Quizzed on the future of the high-speed rail link, Defence Secretary Grant Shapps, who is a former transport secretary, said there was a “perfectly legitimate question” about the sequencing of the project.
“There are various different estimates and I think that’s one of the things that the Government wants to check, particularly on the costs now post the inflationary picture out of the war in Ukraine,” he told BBC’s Sunday With Laura Kuenssberg programme
“But I have to say that it would be irresponsible to simply spend the money, carry on as if nothing had changed, if there has been a change in that fiscal picture.”
He added that HS2 was not the “be all and end all” for northern transport projects, and suggested that investing in local transport schemes “might be very helpful for people who are commuting”.
“Obviously the large things like HS2, which I think is the biggest construction project in Europe, suck up a lot of that money. Any government has to make those decisions.”
Mr Shapps would not confirm reports that the Government was seeking to scrap the northern leg of the HS2 project, but told Sky News’ Sunday Morning with Trevor Phillips show that there could be a change to its “sequencing” and “pace”.
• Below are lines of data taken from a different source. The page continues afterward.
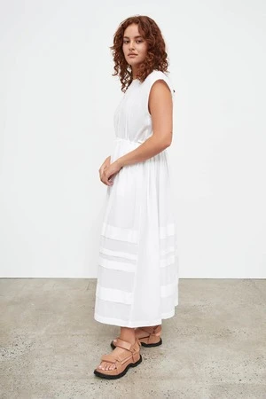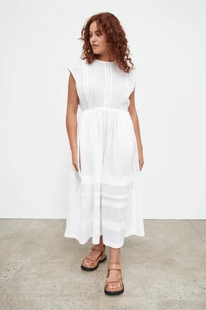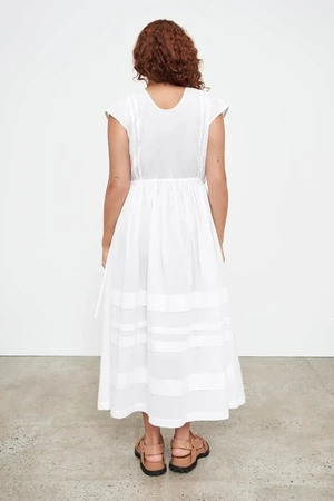 With an oversized silhouette, the Camille Dress features an adjustable drawstring at the waist which can be cinched in or left loose. Made from organic cotton voile, it features pleats through the bodice and folds through the skirt to add dimension while subtle capped sleeves and a rounded neckline ensure ease of wear.
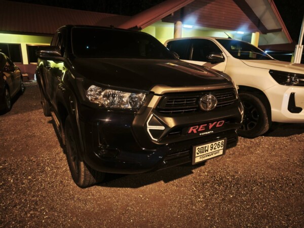 ตรวจยึดของกลางเป็นรถยนต์กระบะยี่ห้อโตโยต้า รุ่นรีโว่ จำนวน 2 คัน แผ่นป้ายทะเบียนปลอม 2 คู่ โทรศัพท์มือถือ 4 เครื่อง และกุญแจรถยนต์ 2 ดอก
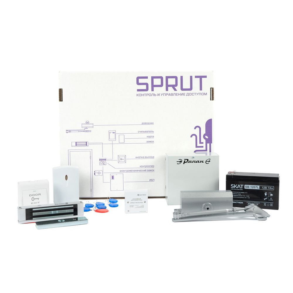 Комплект системы контроля доступа (СКУД) SPRUT – готовое решение, включающее в себя устройства, которые необходимы для организации автономной системы контроля доступа. После монтажа устройств из комплекта Вы получите надежно запирающуюся дверь с доводчиком, быстро открывающуюся при помощи электронных ключей, отсекающую нежелательных посетителей. Комплект рассчитан на установку человеком, не имеющим специальных знаний по монтажу и настройке СКУД, поэтому для облегчения задачи по установке есть подробные инструкции в бумажном формате и на видео.
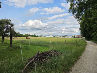 Vom Kirchplatz ging es erstmal die Hofheimer Straße rauf, dann links in die Zeilsheimer Straße, weiter auf dem Zeilsheimer Weg an der Bahnlinie entlang, hinter dem alten Friedhof Kelkheim-Münster vorbei bis zur Paul-Ehrlich-Straße und dann ins Feld in Richtung Liederbach mit Blick auf das Industriegebiet Kelkheim-Münster.
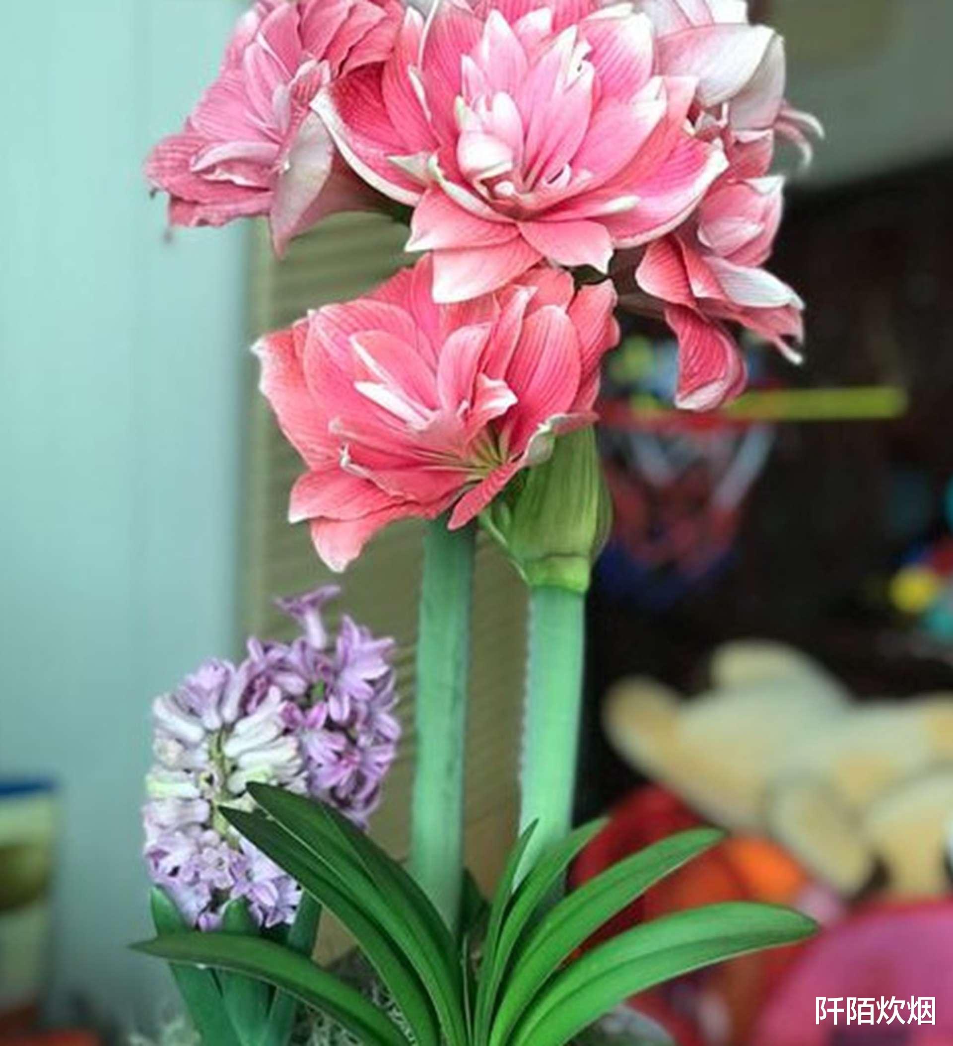 我们在养护朱顶红的时候,还可以和其他绿植对比着养。像和长寿花对比,长寿花很容易徒长,但是朱顶红只要光照合适就不容易徒长。我在杭州的朋友,他把长寿花和朱顶红放在同一个窗前,长寿花长得很长,朱顶红却很紧凑。还有和绿萝对比,绿萝基本不用管,定期浇水施肥就能活得很好。可朱顶红从球根到开花,每个阶段都需要关注。

He said: “Money is not infinite. All of these big decisions where budgets are, in particularly in the case of HS2, inexorably going higher and higher and higher and your viewers are having to pay that bill, it is absolutely right that the government looks at it and says hold on a minute, is this just a sort of open ended cheque or are we going to make sure this project gets delivered to a pace and a timetable that actually works for the taxpayer?”
“We take those long term decisions seriously, but we don’t think any amount of money, no matter how big the budget gets, that you should just carry on ploughing it in. There has a point where you say hold on a minute, let’s just take a break here.”
He added that the country has to respond to the circumstances” brought on by the impact of Covid and the war in Ukraine.
“We did not know there would be coronavirus, a one in 100 year event… we didn’t know there would be a war on in Europe… so of course, if circumstances change, you have to look at the sequencing of the big infrastructure cash that you spend.”
“Any government that doesn’t do that, any opposition that claims you don’t need to is not fit to govern this country.”
Andy Burnham, the Mayor of Greater Manchester, criticised calls for HS2’s northern leg to be scrapped, claiming on Sunday that people in the north of England are treated like “second-class citizens”.
He told Sky News: “An east-west line is really important for north of England, as well as north-south. Why is it always that people here are forced to choose? That we can’t have everything, ‘you can have this or you can have that but you can’t have everything’?
“London never has to choose between a north-south line and an east-west line and good public transport within the city.
“Why is it that people in the north are always forced to choose, why are we always treated as second-class citizens when it comes to transport?
He added that leaving the north of England with “Victorian infrastructure” while the rest of the country is connected by modern high-speed lines was “a recipe for the north-south divide to become a north-south chasm over the rest of this century”.
“And that is why people here are fed up with false promises and also watching now what seems to be the desperate acts of a dying Government. This is really not right and not fair to people here who were given so many promises,” Mr Burnham continued.